Brookings’ Tony Downs: “Transit Subsidies Futile”
Brookings Tony Downs: Transit Subsidies Futile
Originally published in issue 40 of Tollroads Newsletter, which came out in Jun 1999.
Page:16
Subjects:transit subsidies futile
Sources:Tony Downs
Anthony Downs a veteran transp analyst at the Brookings Inst in Washington DC told a recent GAO sponsored conference that both smart growth and transit solutions to traffic congestion are certain to fail. He called local growth limits a total delusion.

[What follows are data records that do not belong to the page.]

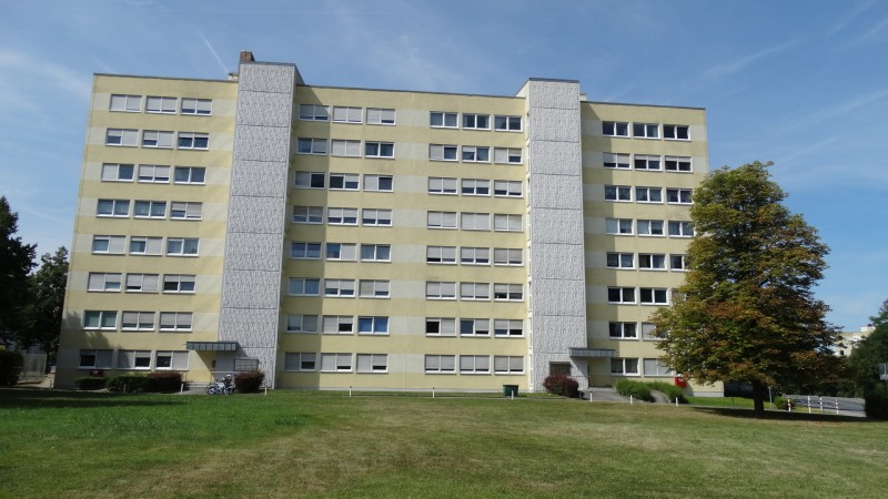 Die Wohnung befindet sich im 2. Obergeschoss eines 8-geschossigen Mehrfamilienhauses im zentralen Stadtbereich in der Wieland-Wagner-Straße in Bayreuth.
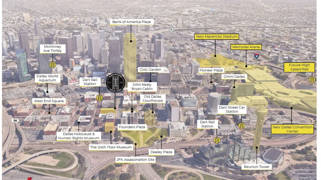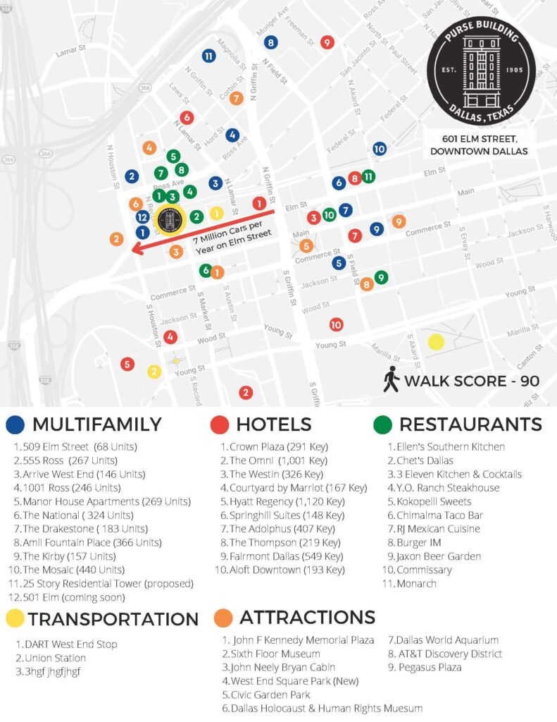 A map of the district shows how the Purse Building sits at the center of the West End’s connections to Dealey Plaza, the government district, and the surrounding amenities.
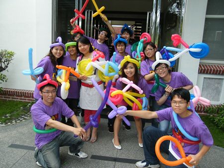 本次培訓營就特別邀請造型汽球達人王筱方教導志工折汽球的技巧。畢業於台南女子技術學院產品設計科的王筱芳,因為對氣球造型興趣濃厚,從拜師學藝、到日本購買相關書籍、上網研究,練就一身好手藝,並於九十三年元月獲得高雄市政府文化局街頭藝術表演認證。
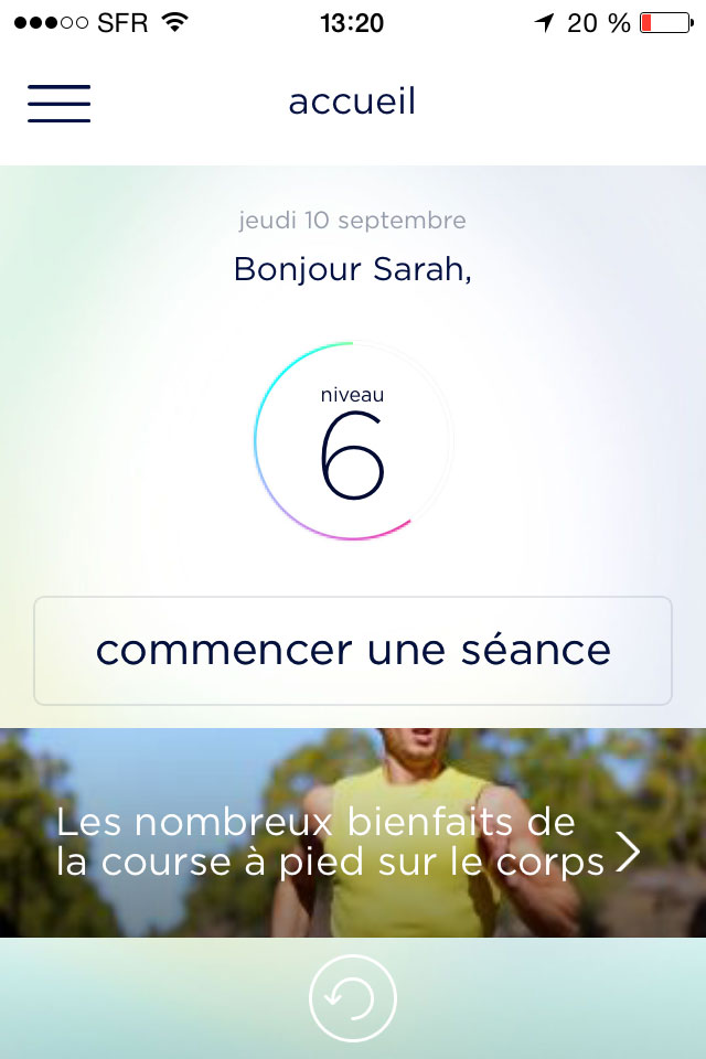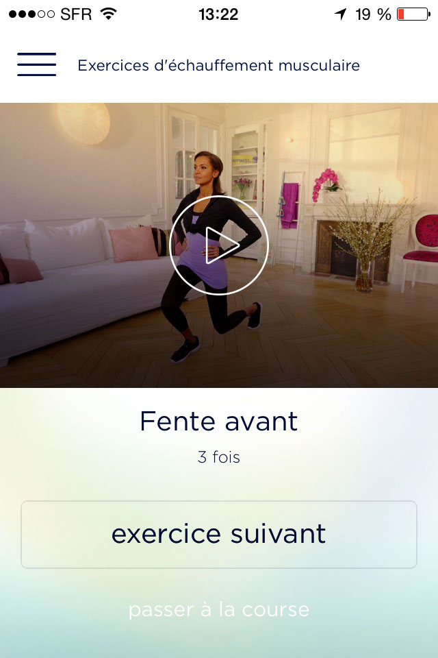 Chaque palier se divise en trois étapes. Avant chaque course, Karine Lemarchand vous propose toute une série d’exercices en vidéo pour vous échauffer. Pendant la course, vous pouvez écouter votre musique (ou rien si vous préférez) et de temps en temps, Karine vous donne un petit conseil. C’est elle qui vous dit aussi quand vous pouvez marcher (là vous l’aimez à balle) ou quand il faut vous mettre à courir (là vous la haïssez profondément). Après la course, vous avez le droit à du gainage et à des étirements. J’essaie de les faire même si après 30 minutes de course, j’ai plus envie de me jeter dans mon canapé que de faire la planche ou une série d’abdos.
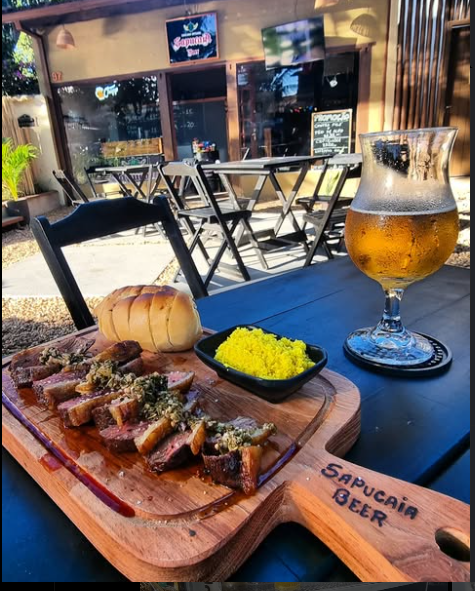 A Sapucaia Beer é uma cervejaria artesanal e restaurante localizada no coração de Arraial d’Ajuda, em Porto Seguro – BA. Conhecida pelo ambiente acolhedor e clima descontraído, é o destino ideal para quem busca chopp artesanal de qualidade, carnes nobres e petiscos saborosos. No cardápio, destaque para o famoso chopp de vinho, picanha uruguaia, bife ancho, bolinho de bacalhau e drinks clássicos como gin tônica e caipirinha. A casa oferece atendimento no local e via WhatsApp, aceita cartões, tem entrada acessível para cadeirantes e é um espaço LGBTQIA+ friendly. Uma ótima opção para quem procura cervejaria artesanal em Arraial d’Ajuda, restaurante com carnes nobres, ou onde beber chopp de vinho em Porto Seguro.
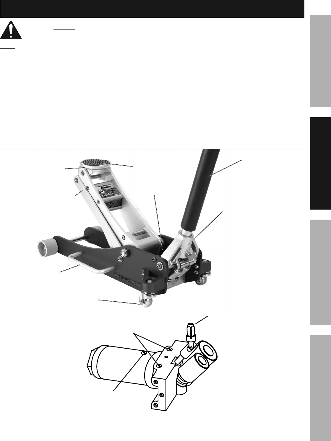 Manual for the 62309 2.5 Ton Aluminum Racing Floor Jack with Rapid Pump® 62309 2.5 Ton Aluminum Racing Floor Jack with Rapid Pump®
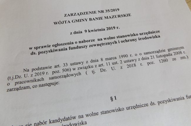 CIĄG DALSZY NABORU NA STANOWISKO DS. POZYSKIWANIA FUNDUSZY ZEW. I OCHRONY ŚRODOWISKA
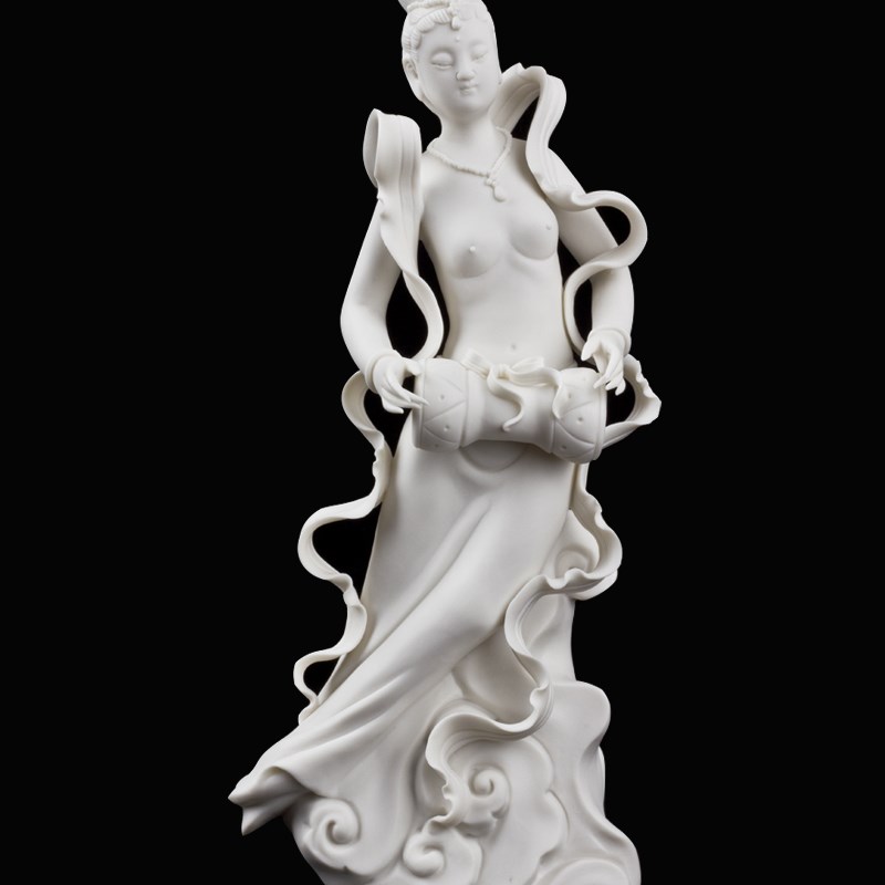 陶瓷人物仕女敦煌飞天瓷雕摆件家居客厅工艺品艺术品电视柜装饰品
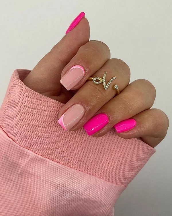 Надайте яскравості своєму манікюру, зробивши не класичну білу усмішку, а підібравши яскравіші відтінки. Кольорова усмішка виглядає стильно. Але такий дизайн залишається стриманим, тому підійде навіть для ділового образу.
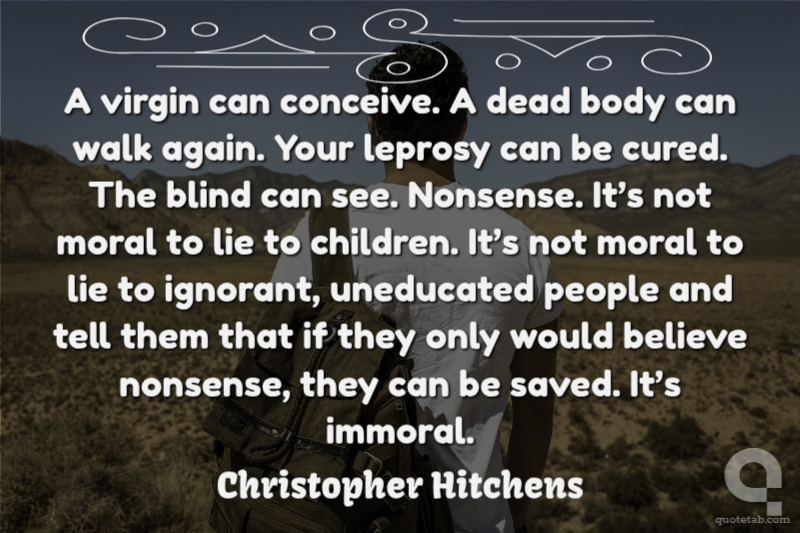 A virgin can conceive. A dead body can walk again. Your leprosy can be cured. The blind can see. Nonsense. It’s not moral to lie to children. It’s not moral to lie to ignorant, uneducated people and tell them that if they only would believe nonsense, they can be saved. It’s immoral.
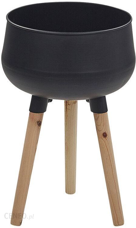 Beliani Doniczka na stojaku 30 x 30 x 47 cm drewniane nogi metalowa czarna Agros
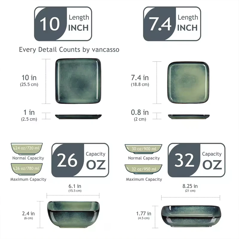 Transformez chaque repas en un moment d’exception avec le Service Vaisselle Japonais 16 Pièces Aozora. Son design inspiré des nuances du ciel et de l’océan apporte une touche de sérénité et de raffinement à votre table. Chaque pièce est travaillée avec un double émaillage réactif qui crée cet effet nuancé unique, comme une aquarelle posée sur de la céramique. Ce n’est pas juste de la vaisselle, c’est une mise en scène. Disposer les assiettes, remplir les bols, servir un plat… tout devient plus beau, plus intentionnel. La forme carrée apporte un style moderne et graphique, tandis que le dégradé vert-bleuté invite au calme et au partage. Que ce soit pour un dîner entre amis, un repas du quotidien ou une table prête pour les fêtes, le service Aozora donne une vraie personnalité à votre intérieur. Il met en valeur vos plats, même les plus simples, grâce à son design inspiré de la céramique artisanale japonaise.
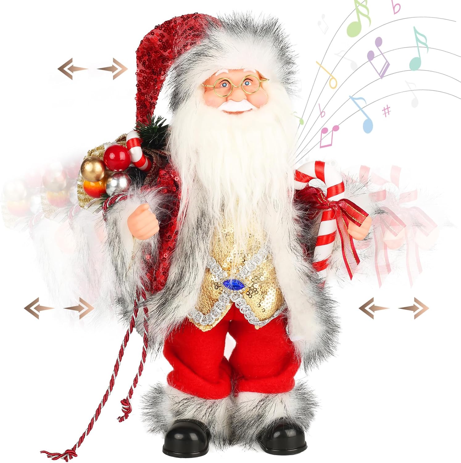 - 【Exquisite clothing & Gorgeous Decorations】 Compared to traditional electric santa,santa claus figure not only can sing and dance,but also is a high-end decoration made of high-end materials. A built-in musical function turns this Santa into more than just décor – it's an experience of sight and sound. Santa figures has smooth and dense whiskers,gorgeous clothes with sequins and sapphire."
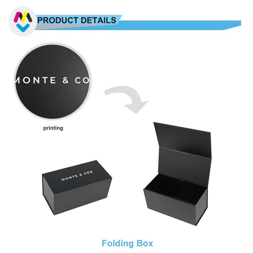 C'est une couleur verte boîte rigide noire avec couvercle à fermeture magnétique qui a fait par papier d'art C2S 157g + carton gris 1200g, impression couleur à l'extérieur et à l'intérieur de la boîte avec revêtement UV du logo.
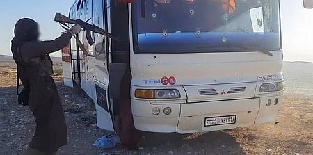 சிரியாவில் திங்கள்கிழமை நடத்தப்பட்ட பேருந்து தாக்குதலுக்கு இஸ்லாமிய தேச (ஐஎஸ்) பயங்கரவாதிகள் பொறுப்பேற்றனா்.
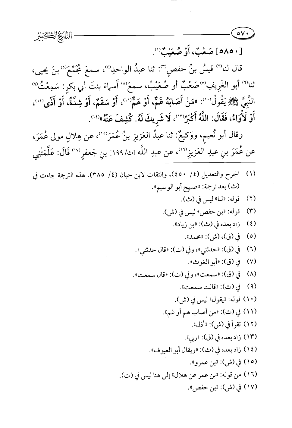 (¬١) الجرح والتعديل (٤/ ٤٥٠)، والثقات لابن حبان (٤/ ٣٨٥). هذه الترجمة جاءت في (ث) بعد ترجمة: "صبيح أبو الوسيم".
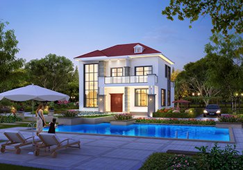 二層別墅戶型:起居室、臥室(帶衛生間)、臥室x2、書房、陽臺、陽光房(可以作為露臺);
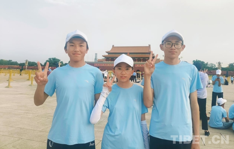 圖為參加“山河同脈·京華筑夢”研學(xué)活動的西藏日喀則定日縣中學(xué)生達(dá)娃次仁(左)、旦增桑旦(中)和古入曲桑(右)在天安門廣場上 攝影:趙釗

Privately owned automotive vehicles will remain the dominant form of ground transport for the foreseeable future in the US. Attempts to cope with rising traffic congestion by shifting more people to public transit are not going to work. The automobile is, and will remain, a better form of movement for most people in spite of congestion. Its faster, safer, more comfortable, more flexible in timing, and in linking scattered origins and destinations... It will not be possible to lure any significant portion of auto-driving persons into using public transit by improving the quality, quantity or service frequency. One reason is that such a low percentage of all trips is now taken by public transit only 3.5% of work trips in 1995... Therefore even if we could triple the percentage of those using public transit which is extremely unlikely that... reduction would be offset by the increase in population which is going to be much larger...
Apologists for public transit say we need more subsidies... They should look at one number... Transit gets 25% of public spending on transport in the US at all levels and provides between one and two percent of all trips. Thats a fairly impressive subsidy.